Dataset extract:

<<<<

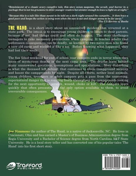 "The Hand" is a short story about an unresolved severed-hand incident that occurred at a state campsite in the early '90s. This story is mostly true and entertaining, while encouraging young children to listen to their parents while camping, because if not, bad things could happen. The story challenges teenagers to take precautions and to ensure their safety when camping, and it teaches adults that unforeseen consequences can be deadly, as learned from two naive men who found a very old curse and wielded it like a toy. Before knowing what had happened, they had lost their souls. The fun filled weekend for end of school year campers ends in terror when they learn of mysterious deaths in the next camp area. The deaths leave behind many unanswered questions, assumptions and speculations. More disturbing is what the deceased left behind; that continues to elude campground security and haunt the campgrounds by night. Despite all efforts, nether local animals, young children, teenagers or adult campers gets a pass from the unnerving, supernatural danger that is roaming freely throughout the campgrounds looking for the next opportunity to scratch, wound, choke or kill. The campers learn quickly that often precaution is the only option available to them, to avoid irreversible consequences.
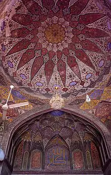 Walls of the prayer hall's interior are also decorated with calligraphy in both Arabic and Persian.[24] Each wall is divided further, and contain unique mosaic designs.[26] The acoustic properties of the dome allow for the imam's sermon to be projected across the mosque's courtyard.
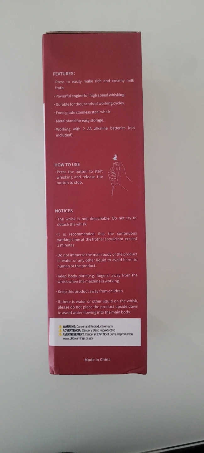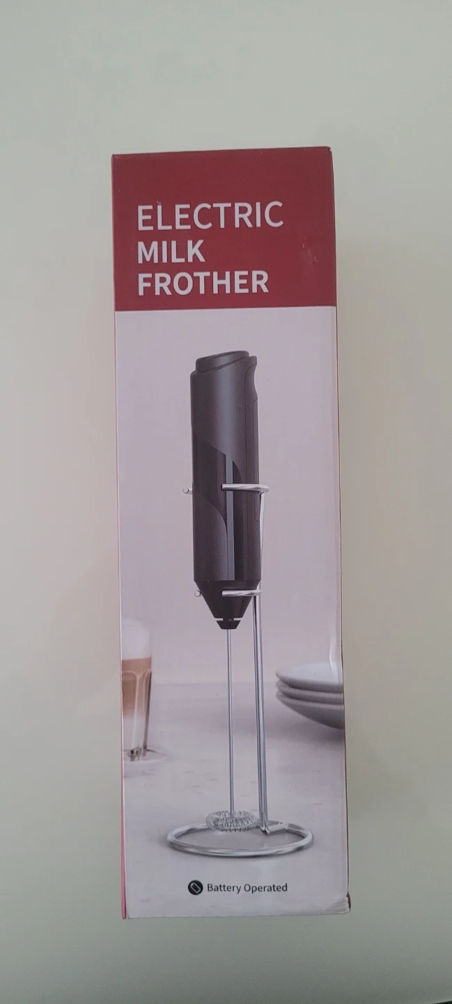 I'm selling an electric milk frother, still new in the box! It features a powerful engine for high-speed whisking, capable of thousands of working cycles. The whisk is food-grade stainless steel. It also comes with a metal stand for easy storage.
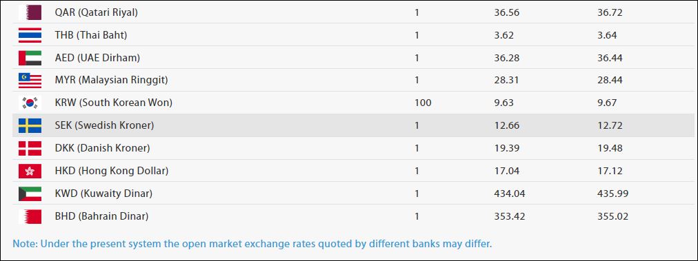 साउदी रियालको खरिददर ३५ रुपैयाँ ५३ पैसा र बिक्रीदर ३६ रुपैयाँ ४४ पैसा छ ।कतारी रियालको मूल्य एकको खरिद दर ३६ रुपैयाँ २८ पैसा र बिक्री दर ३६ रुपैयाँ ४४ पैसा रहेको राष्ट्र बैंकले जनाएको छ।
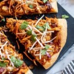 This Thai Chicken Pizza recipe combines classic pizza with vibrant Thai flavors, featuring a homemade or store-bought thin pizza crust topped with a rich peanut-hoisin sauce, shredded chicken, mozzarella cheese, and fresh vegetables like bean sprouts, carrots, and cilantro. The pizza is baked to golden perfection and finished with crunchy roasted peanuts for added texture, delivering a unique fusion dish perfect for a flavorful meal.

>>>>
<<<<

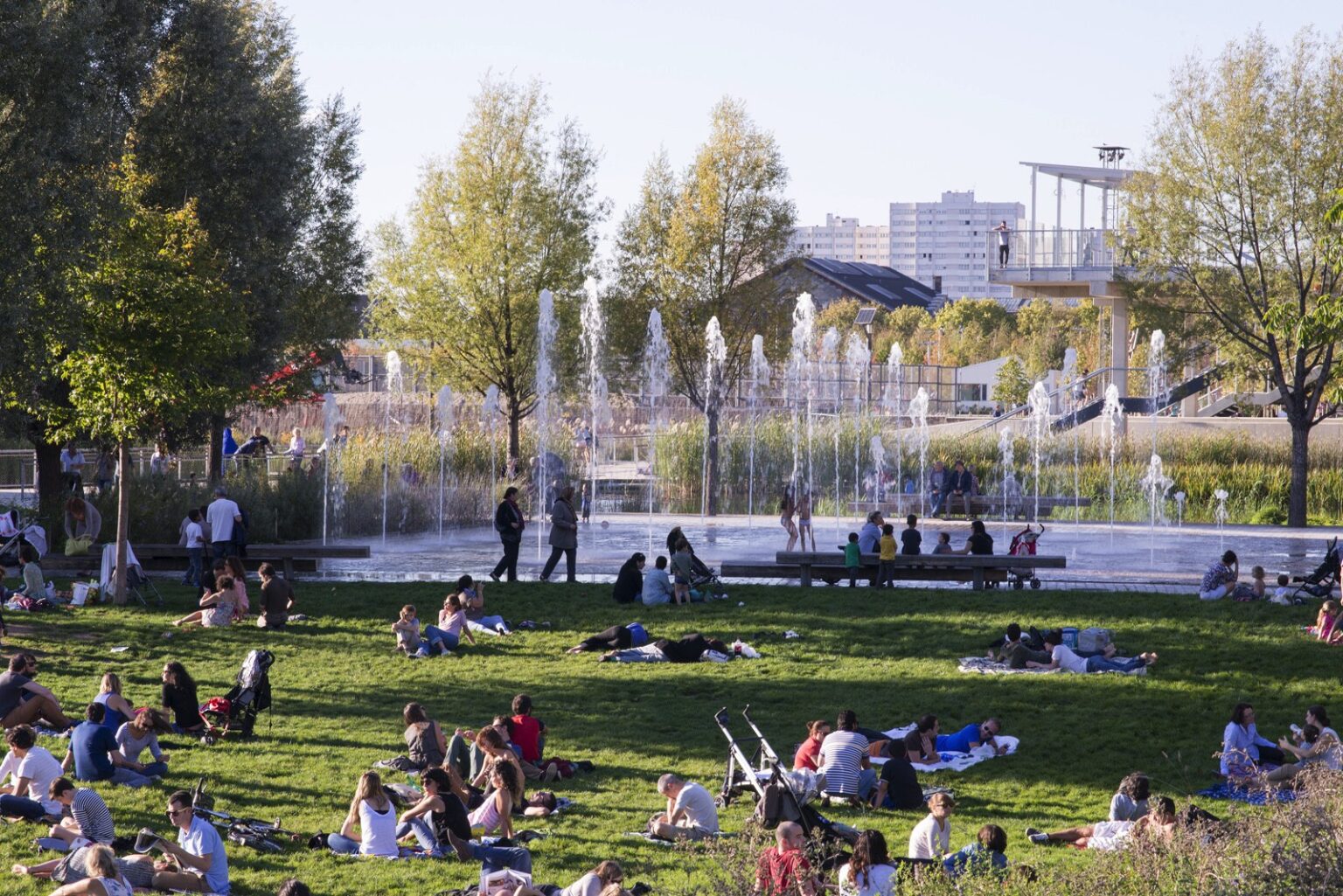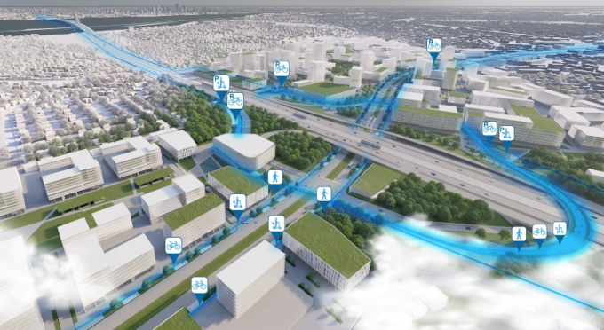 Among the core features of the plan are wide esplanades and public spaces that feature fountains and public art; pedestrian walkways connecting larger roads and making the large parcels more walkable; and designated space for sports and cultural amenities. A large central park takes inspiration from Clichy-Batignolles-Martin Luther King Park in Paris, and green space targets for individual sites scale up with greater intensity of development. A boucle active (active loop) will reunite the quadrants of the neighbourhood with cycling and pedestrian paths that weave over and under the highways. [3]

>>>>

Exercise brief: Nothing outside the stretch above, from the line with "साउदी रियालको खरिददर" through the line with "This Thai Chicken", is set down. Transcribe that stretch exactly, ends included, but not its pictures.

Answer section:
 साउदी रियालको खरिददर ३५ रुपैयाँ ५३ पैसा र बिक्रीदर ३६ रुपैयाँ ४४ पैसा छ ।कतारी रियालको मूल्य एकको खरिद दर ३६ रुपैयाँ २८ पैसा र बिक्री दर ३६ रुपैयाँ ४४ पैसा रहेको राष्ट्र बैंकले जनाएको छ।
 This Thai Chicken Pizza recipe combines classic pizza with vibrant Thai flavors, featuring a homemade or store-bought thin pizza crust topped with a rich peanut-hoisin sauce, shredded chicken, mozzarella cheese, and fresh vegetables like bean sprouts, carrots, and cilantro. The pizza is baked to golden perfection and finished with crunchy roasted peanuts for added texture, delivering a unique fusion dish perfect for a flavorful meal.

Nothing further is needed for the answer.